Delusional disorder is the diagnosis for persistent delusions lasting at least 1 month, in the absence of other psychotic features (no prominent hallucinations beyond those related to the delusion theme, no disorganized speech, no grossly disorganized behavior, no negative symptoms). Function in domains outside the delusion is largely preserved. The delusion is non-bizarre (plausible if untrue, though some patients have bizarre delusions).
DSM-5 subtypes based on delusional content: erotomanic (belief that another person is in love with the patient), grandiose (inflated self-importance, special powers), jealous (Othello syndrome — belief that partner is unfaithful, despite contrary evidence), persecutory (belief of being targeted, harassed, plotted against — most common), somatic (delusion about bodily function or appearance), mixed.

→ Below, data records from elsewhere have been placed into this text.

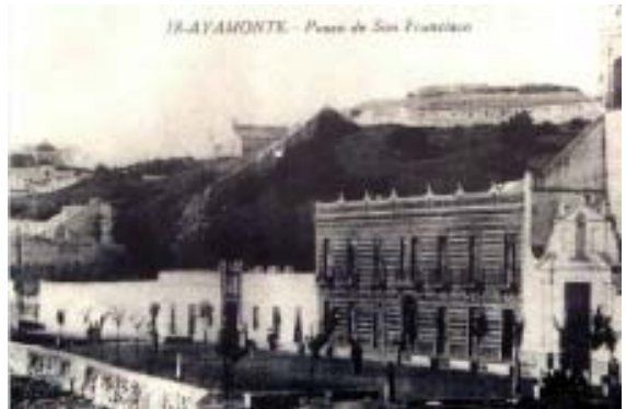
18 - AYAMONTE - Paseo de San Francisco
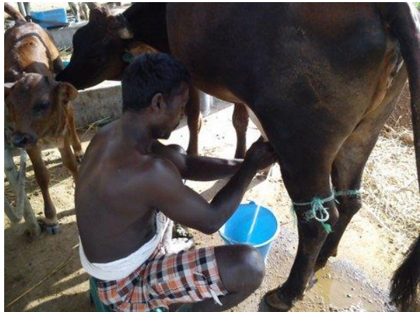
.. en het melken van de koeien
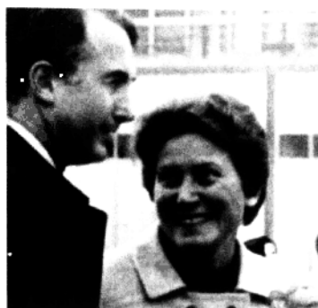
斯大林女儿斯维特兰娜出走纽约
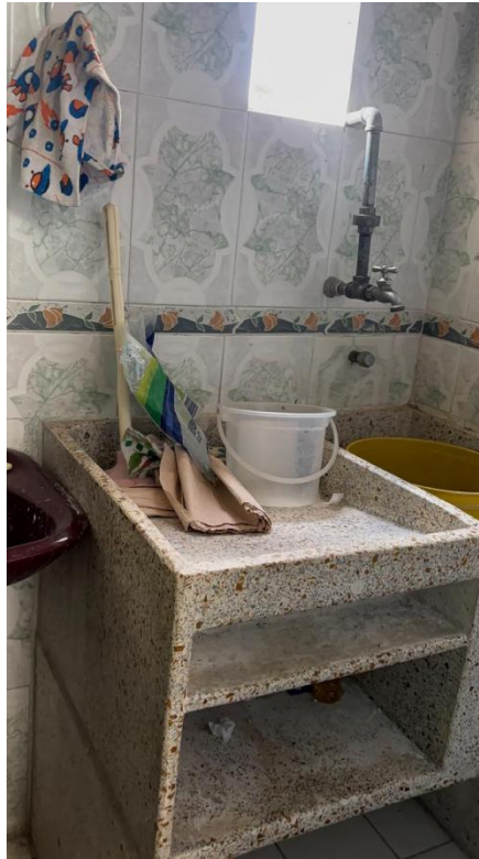
Figura 14. Lavadero
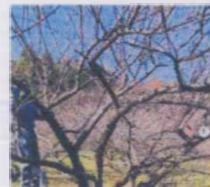
秋間梅林での農家体験を続けた方々が今度は知り合いのところで剪定体験をしたり、梅の収穫体験に再度訪れてくださったり...リーダーが多いところや、自分なりに梅を使った新たな楽しみ方を見つけて楽しんでくださる方が増えます！ 地域おこし協力隊 雨歌さん
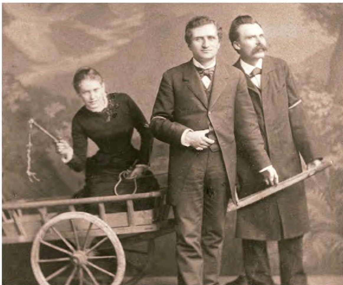
Η Λου Σαλομέ, ο Πάουλ Ρέε και ο Φρίντριχ Νίτσε πόζαρον για μια σκηνοθετημένη, παιγνιώδη φωτογραφία που αργότερα έγινε διάσημη. Ελβετία, 1882.

Δεν αδικεί διόλου το βιβλίο, αυτή την υποδειγματική βιογραφία του Φρίντριχ Νίτσε, το γεγονός ότι ξεκινάμε την παρουσίαση από ένα τέτοιο ανεκδοτολογικό περιστατικό. Αλλάστε ο μισογυνισμός δεν ήταν η μόνη από τις κατηγορίες που εισέπραξε ο Νίτσε και αμαύρωσαν τη φήμη του. Όμως η Αγγλονορβηγική συγγραφέας Σου Πριντό, έμπειρη βιογράφος και βραβευμένη για τις προσωπικές του Εντβαρντ Μουνκ και του Αυγούστου Στρίντμπεργκ, δεν γράφει ένα σοβαροφανές βιβλίο.
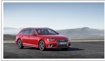
Audi A4 Avant S Line Competition.
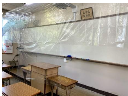
教壇前の透明フィルム
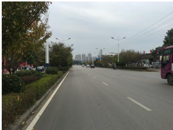
估价对象周边道路二
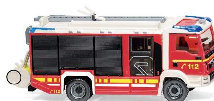
0612 44 Feuerwehr – AT LF (MAN TGM Euro 6/Rosenbauer) Neue Modellkombination des Alleskönners UVP 19 %: 35,99 € / UVP 16 %: 35,08 €
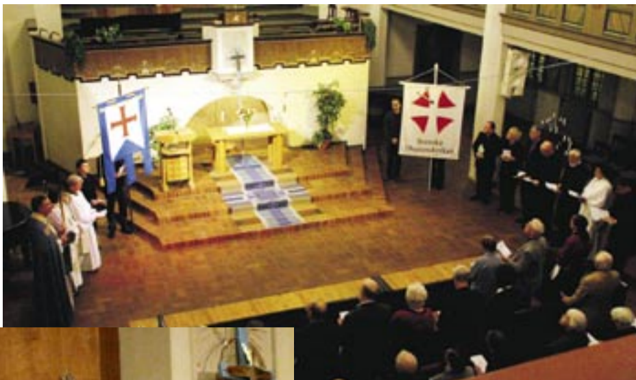
I Karlstad manifesterades överenskommelsen med en gemensam gudstjänst som började i Betlehemskyrkan med ordets gudstjänst. Sedan förflyttade sig församlingen till domkyrkan där man firade bordets gudstjänst, med nattvard.
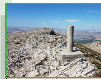
Vértice pico Huma
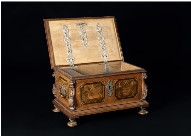
Obr. 3. Pokladna sdruženého cechu bednářů, tesařů, truhlářů a kameníků (?), 1729, MMP H 226 586
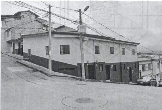
Fotografía 1. Frontal

The clinical picture: the patient typically functions well in many life domains. They hold a stable job, maintain some relationships, manage finances, appear well-organized in casual encounter. The delusion is encapsulated — present but compartmentalized. They may present for legal problems (acting on persecutory beliefs), medical problems (somatic delusions driving repeated workups), or relationship problems (jealous delusions destroying marriages) rather than for "psychiatric" symptoms.
The challenges: patients rarely seek psychiatric care for the delusion itself — they don't think they have a delusion. Insight is typically poor for the specific belief, intact for other matters. Antipsychotic response is modest. Engagement in treatment is difficult given the patient's view that there is no problem with them. Many patients refuse psychiatric care entirely.
Jealous subtype (Othello syndrome) deserves special attention because it carries elevated violence risk. The delusion of infidelity, combined with intense affective response and behavioral pursuit, has produced intimate partner violence and homicide. Risk assessment important. Also elevated in older patients with cognitive impairment — sometimes a presenting feature of dementia.
Treatment: antipsychotics modestly effective. Pimozide historically used for some delusional disorder patients (particularly somatic subtype). Atypical antipsychotics (risperidone, olanzapine) more common in modern practice. Treatment over months sometimes produces meaningful improvement. Engagement is often as important as medication — building enough trust to maintain ongoing care.
Differential considerations: distinguish from paranoid personality disorder (lifelong pervasive trait without specific systematized delusion), from schizophrenia (other psychotic features present, functional decline more pervasive), from substance-induced psychosis (toxicology), from medical/neurologic causes including dementia (cognitive testing, imaging if indicated).
When you encounter a patient with persistent encapsulated delusions and preserved function elsewhere, delusional disorder is the diagnosis. The treatment is challenging; the alliance-building and ongoing engagement often matter more than the specific medication choice. Patience and predictability win where confrontation loses.